[[ Exercise inputs open ]]

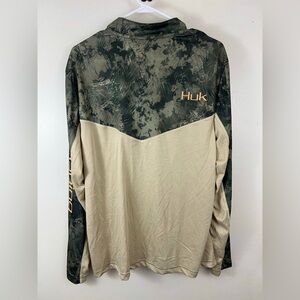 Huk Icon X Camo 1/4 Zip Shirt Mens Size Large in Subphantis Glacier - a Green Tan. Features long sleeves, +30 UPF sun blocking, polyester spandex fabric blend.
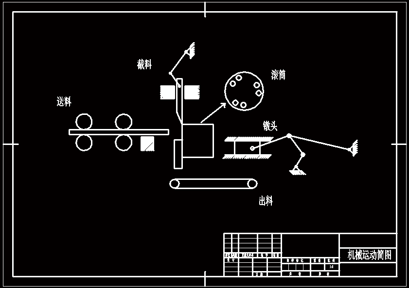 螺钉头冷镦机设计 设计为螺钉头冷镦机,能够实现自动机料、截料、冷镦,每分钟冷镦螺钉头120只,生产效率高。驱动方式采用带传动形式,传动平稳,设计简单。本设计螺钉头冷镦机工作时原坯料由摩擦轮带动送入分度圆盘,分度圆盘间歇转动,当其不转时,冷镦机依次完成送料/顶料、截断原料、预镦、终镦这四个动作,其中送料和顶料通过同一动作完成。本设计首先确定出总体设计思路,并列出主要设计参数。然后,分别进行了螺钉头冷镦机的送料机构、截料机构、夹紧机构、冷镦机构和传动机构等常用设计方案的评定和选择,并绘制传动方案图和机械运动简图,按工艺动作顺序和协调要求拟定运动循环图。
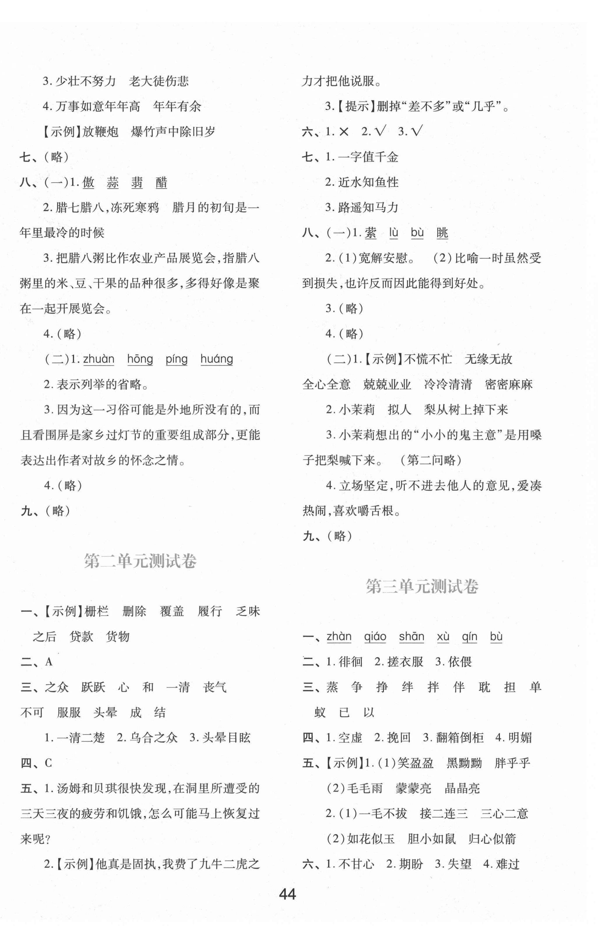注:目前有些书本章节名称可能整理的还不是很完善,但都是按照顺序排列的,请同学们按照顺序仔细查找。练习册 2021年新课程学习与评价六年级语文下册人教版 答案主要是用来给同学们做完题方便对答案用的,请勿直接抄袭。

[[ Exercise inputs closed ]]
[[ Exercise inputs open ]]

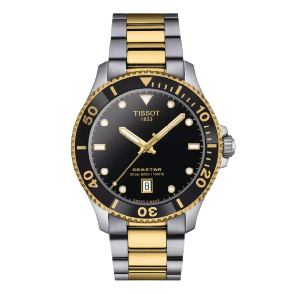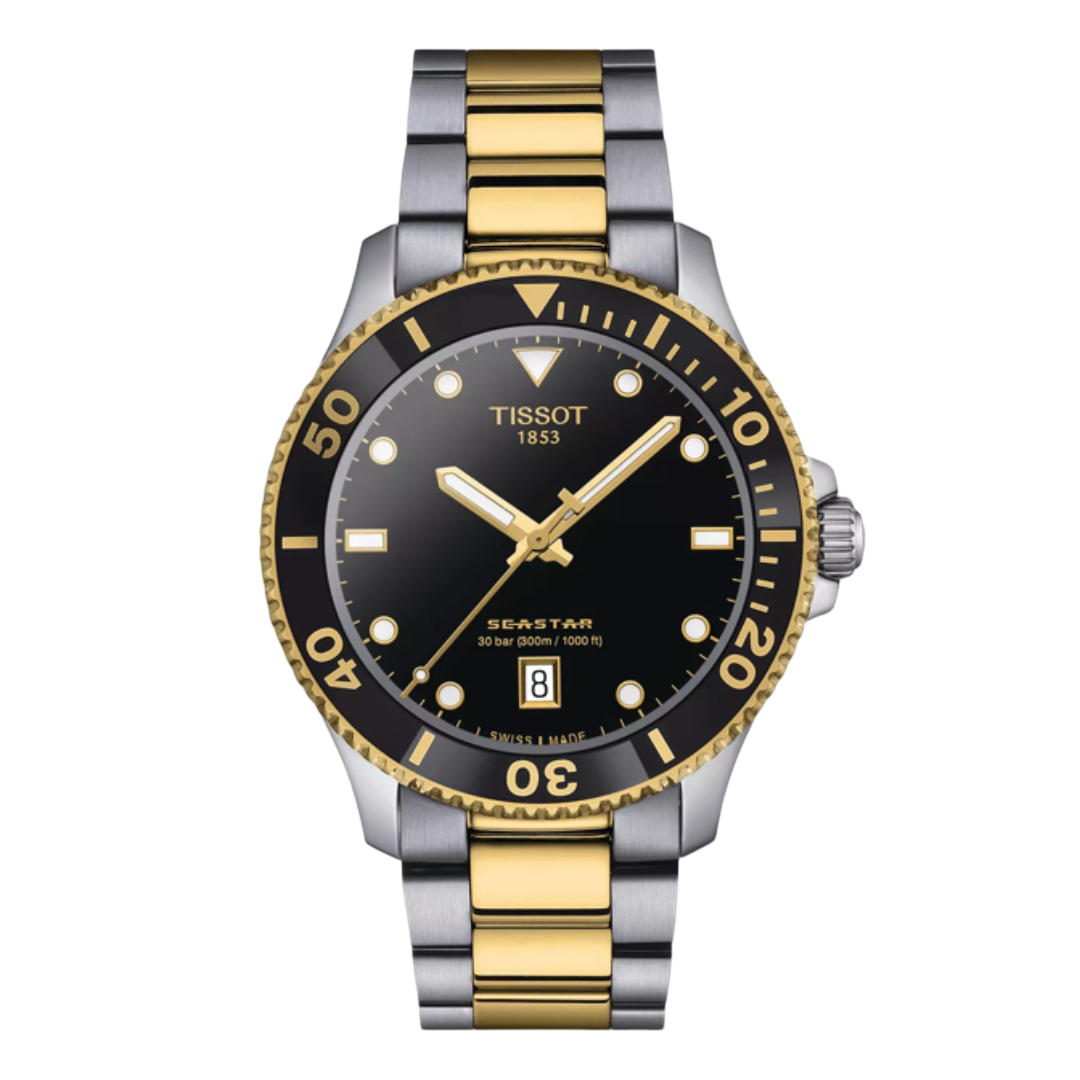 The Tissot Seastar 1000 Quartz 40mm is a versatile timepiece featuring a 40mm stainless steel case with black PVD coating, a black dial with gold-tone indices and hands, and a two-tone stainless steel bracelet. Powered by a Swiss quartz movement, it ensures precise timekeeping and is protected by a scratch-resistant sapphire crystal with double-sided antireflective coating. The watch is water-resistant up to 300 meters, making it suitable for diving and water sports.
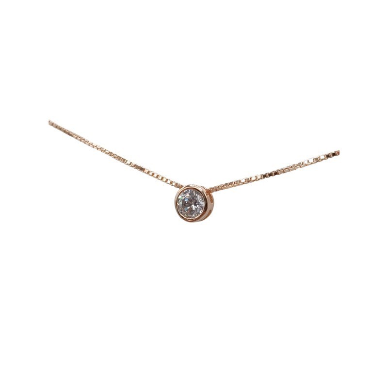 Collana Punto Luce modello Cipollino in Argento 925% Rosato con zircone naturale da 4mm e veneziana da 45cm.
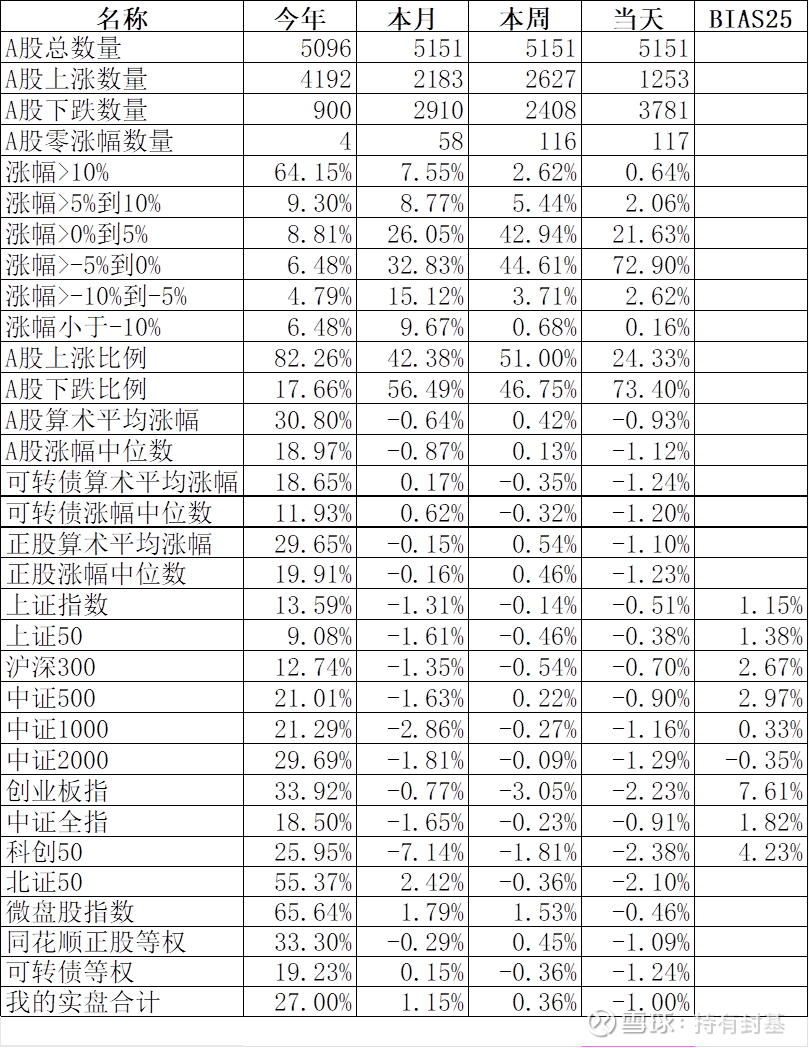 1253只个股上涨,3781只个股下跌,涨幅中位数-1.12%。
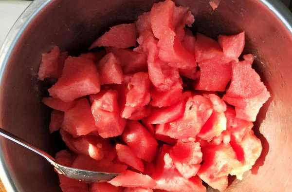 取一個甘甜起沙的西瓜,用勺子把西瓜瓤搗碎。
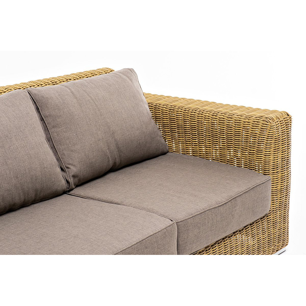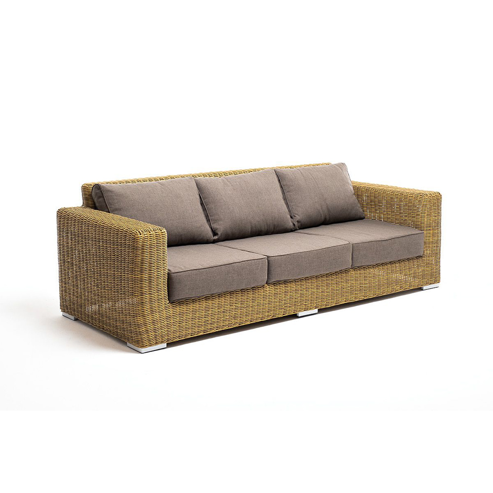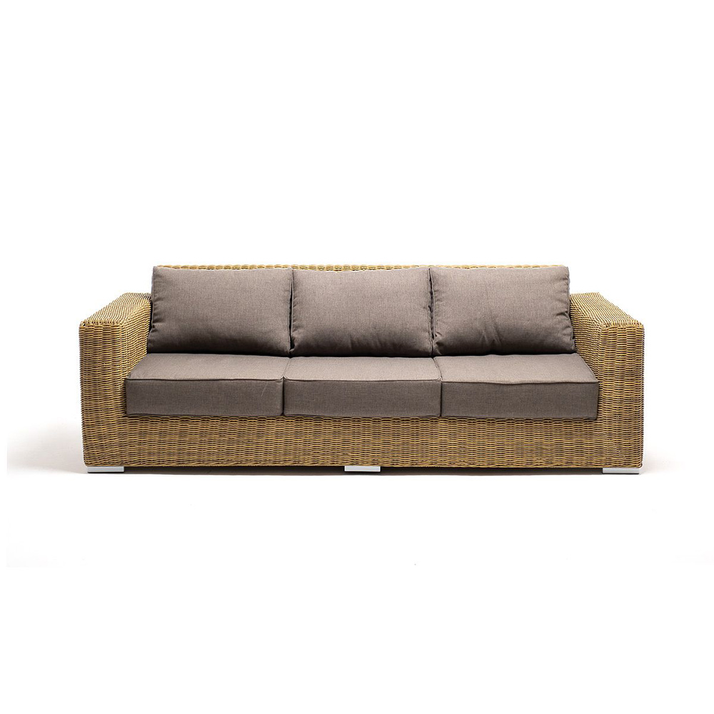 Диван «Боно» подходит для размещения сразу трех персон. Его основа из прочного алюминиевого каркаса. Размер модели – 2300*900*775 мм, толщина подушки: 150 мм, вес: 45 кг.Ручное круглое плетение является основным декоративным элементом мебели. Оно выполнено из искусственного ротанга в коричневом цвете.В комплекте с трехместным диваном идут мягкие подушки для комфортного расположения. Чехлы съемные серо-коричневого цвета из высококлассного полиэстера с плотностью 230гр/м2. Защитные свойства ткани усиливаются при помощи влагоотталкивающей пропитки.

[[ Exercise inputs closed ]]
[[ Exercise inputs open ]]

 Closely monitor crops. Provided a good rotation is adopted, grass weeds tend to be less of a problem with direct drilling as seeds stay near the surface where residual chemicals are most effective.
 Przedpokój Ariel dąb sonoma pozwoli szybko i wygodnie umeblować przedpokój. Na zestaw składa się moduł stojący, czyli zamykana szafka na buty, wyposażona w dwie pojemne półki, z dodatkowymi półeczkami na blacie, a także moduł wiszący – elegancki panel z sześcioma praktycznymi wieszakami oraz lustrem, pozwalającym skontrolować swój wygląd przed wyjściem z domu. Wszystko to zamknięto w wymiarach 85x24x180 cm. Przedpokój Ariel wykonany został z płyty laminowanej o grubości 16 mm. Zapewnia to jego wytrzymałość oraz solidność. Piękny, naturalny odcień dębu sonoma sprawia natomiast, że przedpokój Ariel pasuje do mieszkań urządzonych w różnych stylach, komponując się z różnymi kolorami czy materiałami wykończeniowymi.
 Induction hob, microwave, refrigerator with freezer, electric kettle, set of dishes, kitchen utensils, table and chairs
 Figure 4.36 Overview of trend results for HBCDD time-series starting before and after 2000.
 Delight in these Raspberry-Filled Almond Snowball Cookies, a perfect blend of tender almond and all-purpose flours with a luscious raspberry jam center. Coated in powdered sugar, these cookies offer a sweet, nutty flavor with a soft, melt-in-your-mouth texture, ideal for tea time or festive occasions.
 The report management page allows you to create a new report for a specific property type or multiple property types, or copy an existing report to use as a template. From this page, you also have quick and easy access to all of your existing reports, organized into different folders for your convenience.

[[ Exercise inputs closed ]]

_Exercise objective_
The lines to copy exactly start with the line above that has "取一個甘甜起沙的西瓜,用勺子把西瓜瓤搗碎。" and go on through the line that has "помощи влагоотталкивающей пропитки."; please include both, add nothing else, and omit the pictures.

_Final answer_
 取一個甘甜起沙的西瓜,用勺子把西瓜瓤搗碎。
 Диван «Боно» подходит для размещения сразу трех персон. Его основа из прочного алюминиевого каркаса. Размер модели – 2300*900*775 мм, толщина подушки: 150 мм, вес: 45 кг.Ручное круглое плетение является основным декоративным элементом мебели. Оно выполнено из искусственного ротанга в коричневом цвете.В комплекте с трехместным диваном идут мягкие подушки для комфортного расположения. Чехлы съемные серо-коричневого цвета из высококлассного полиэстера с плотностью 230гр/м2. Защитные свойства ткани усиливаются при помощи влагоотталкивающей пропитки.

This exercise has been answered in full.